Le vendredi 1 avril 2016 02:30:21 UTC+2, Mike Bayer a écrit :


On 03/31/2016 10:38 AM, Mehdi GMIRA wrote:
>
>      >
>      > 1) One limitation that i find to the scoped_session is that you're
>      > limited to exactly one session by thread.
>
>     that's not true at all, make as many sessions as you want from the
>     sessionmaker() inside of it (or just use Session())
>
>
> Yes but then you'd have to import explicitly the engine and
> sessionmaker(), which seems a little bit awkward. What i meant is that
> once you start using scoped_session instead of Session(), it becomes
> awkward to create multiple sessions within the same thread.

the session_factory provides this:

session = my_scoped_session.session_factory()

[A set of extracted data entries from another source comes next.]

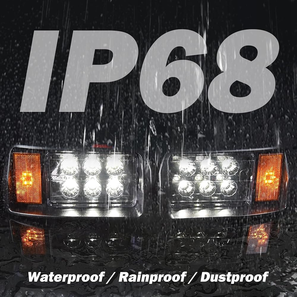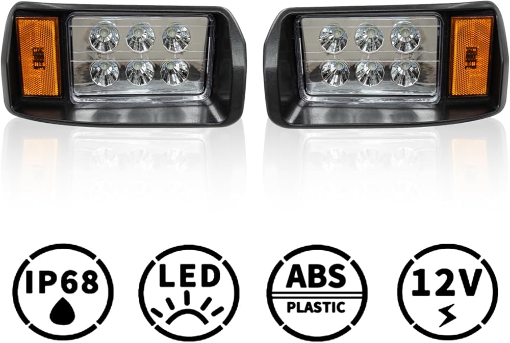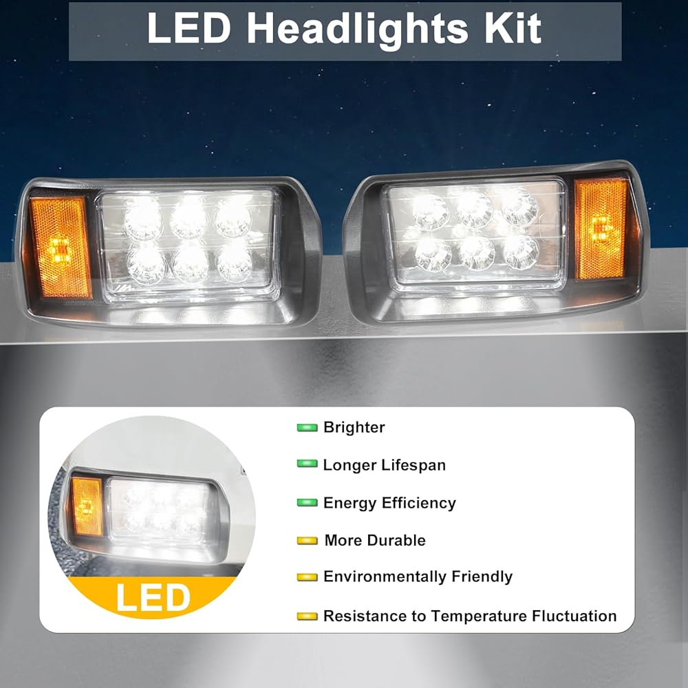 • ✅مجموعة حزمة المصابيح الأمامية DS: 1 × مصباح أمامي LED يسار. 1 × مصباح أمامي LED يمين. 1 مجموعة من قوالب القطع. (ملاحظة: بدون حزام عربة الجولف نفسها)
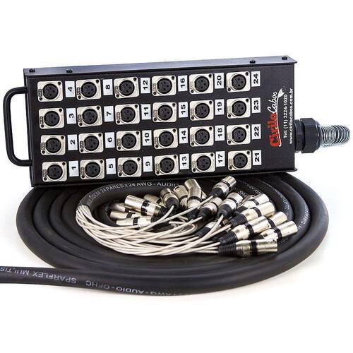 Medusa 24 Vias Montada Conectores Cirilo Cabos - 10 Metros A Medusa de 24 vias montada com conectores da Cirilo Cabos, também conhecida como caixa de conectores ou banheira, oferece organização na distribuição dos seus canais. Ideal para a transmissão de áudio, oferecendo uma melhor qualidade entre os instrumentos e a mesa de som. Conta com alça para transporte e multicabos com molas de proteção.
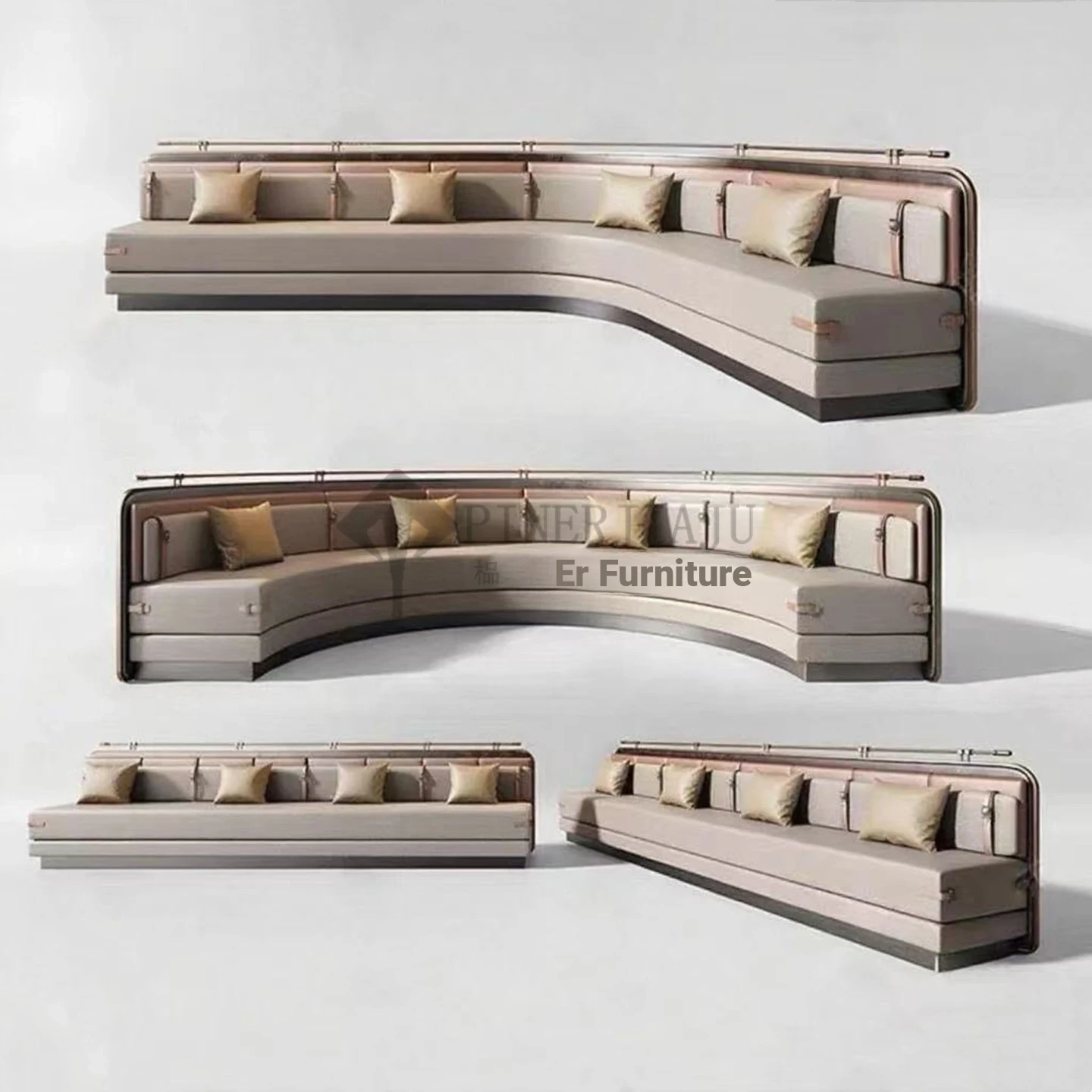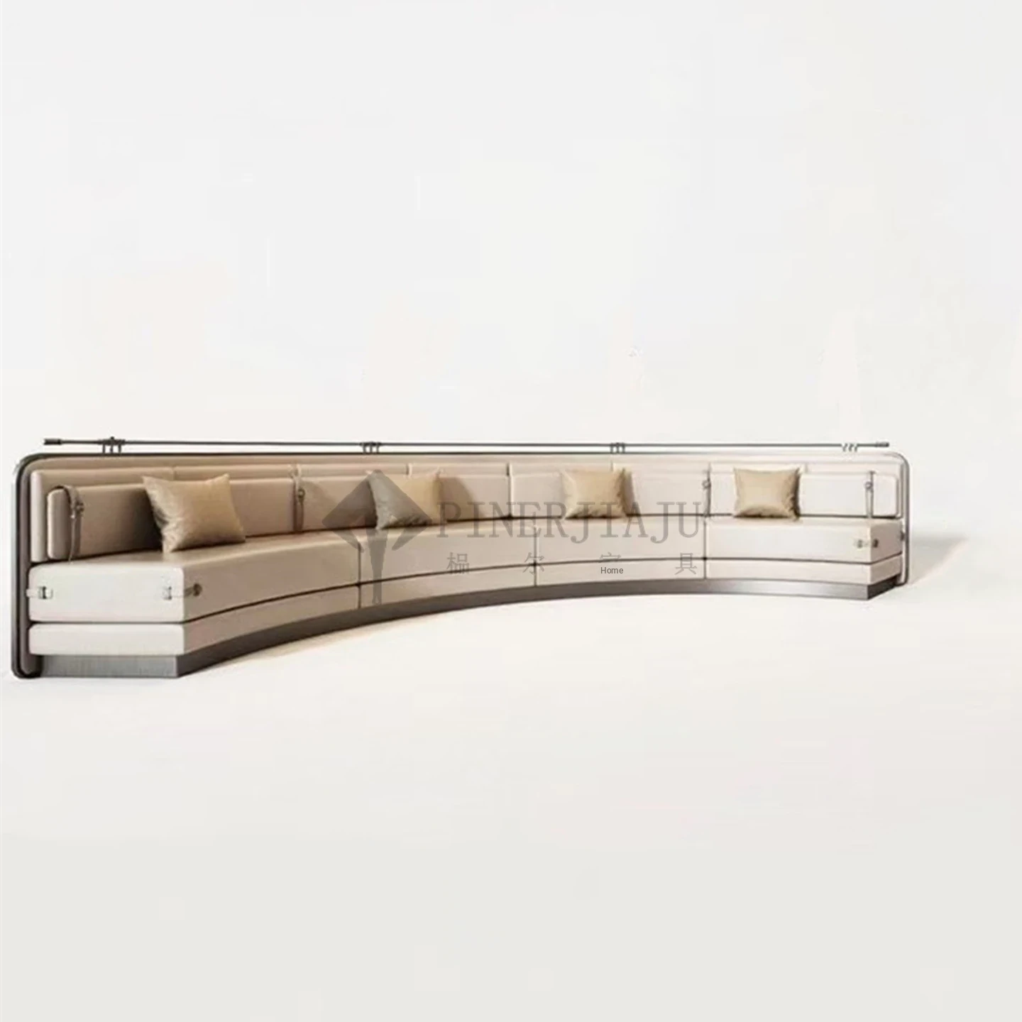 Designer Minimalist Curved Sofa for Hotel Lobby and Sales Office - Elegant Fabric Upholstered Seating for Shopping Mall Lounge Areas and Meeting Spaces

Ok, I wasn't aware of this function. Thanks !
 

>
>
>     i dont see any intrinsic issue with spawning threads inside a context
>     manager any more than if you did so inside of an "if:" statement
>
>
> Isn't there a risk that you'd be passing objects that are
> session-dependant to other threads ?

Using a context manager for a block of code doesn't have any impact on
what the code is doing with objects inside that block so I don't see how
those two things are related.



I think I'm not being clear. What i mean is that If you only use a session as a context manager, you don't have to think about Session() not being thread safe, unless you're inside that context manager. 
But since scoped_session has session_factory(), I think that as you said, scoped_session is indeed the way to go if the application is multithreaded.